「郊外の自然豊かなオフィス」で働く時代
これからの多くの企業は一部のヘッドクォーターのみを残して、組織は限りなくバーチャル化していくものと思われる。このようになると、現在都心部で大量に供給されているオフィス床は、無用の長物と化していくことが容易に想像される。
あらかじめ各社員の役割が明確に決まっているような事業であれば、オフィスという存在がなくても、仕事は十分回っていくからだ。
いっぽうでいくらネット上でつながっているからといって、全員がオンライン上だけですべての事業を遂行していけるとも思えない。そうした意味で、一部の職種ではオフィス床が必要であることに異論はない。
ただ、ポスト・コロナは、都心部の在り方を確実に変えていくことだけは間違いがなさそうだ。

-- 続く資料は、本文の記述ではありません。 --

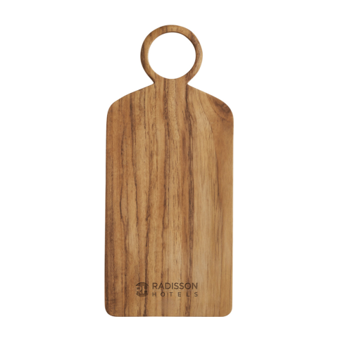 Denna livsmedelssäkra och hållbart producerade skärbräda är tillverkad av rotdelar från teakträ, en naturlig restprodukt från teakindustrin. Virket kommer från certifierade teakplantager i Indonesien och varje skärbräda tillverkas för hand av skickliga hantverkare i en liten verkstad på landsbygden i östra Java. Skärbrädan fungerar utmärkt både som stabil underlag för hackning och som elegant serveringsbricka. Den minimalistiska, naturinspirerade designen gör den till ett stilfullt och funktionellt inslag i varje kök.. Storlek: 41 x 17 x 2 cm. Återvunnet trä.

多くのオフィスは郊外などのコワーキング施設や企業が独自に展開するサテライトオフィスに移っていくだろう。そうしたオフィスは何も高層ビルである必要もない。高層ビルがステータスであった時代はすでに過ぎ去っているのだ。郊外の自然豊かなオフィスで働くのが普通の働き方になってくるだろう。
オフィス大変革時代の幕開け
ポスト・コロナ時代は多くのオフィスで集中から分散へと流れが変わってくる。賃料についてもこれまでは丸の内や大手町ならば坪5万円、六本木なら4万円など、ビルオーナーは、立地さえ確保すれば賃料は自動的に決定されるものと考えてきた。だからそうした土地をまず押さえることがビル業の第一歩だった。
三菱地所が丸の内や大手町を、三井不動産が日本橋を、森ビルが六本木を手放さないのは、その地を押さえていることにオフィスとしての価値があったからだ。
しかし、これからはオフィス立地についてそれほど単純な方程式は成り立たなくなってくる。都心部の良い立地に土地を押さえれば、まずはオフィスにして坪あたり賃料5万円とって事業は成立、あとは容積率の割り増し分でホテルや美術館を組み込んで、はい出来上がりといった単純な事業企画では勝負が難しくなってくるのだ。
ポスト・コロナはオフィス大変革時代の幕開けなのである。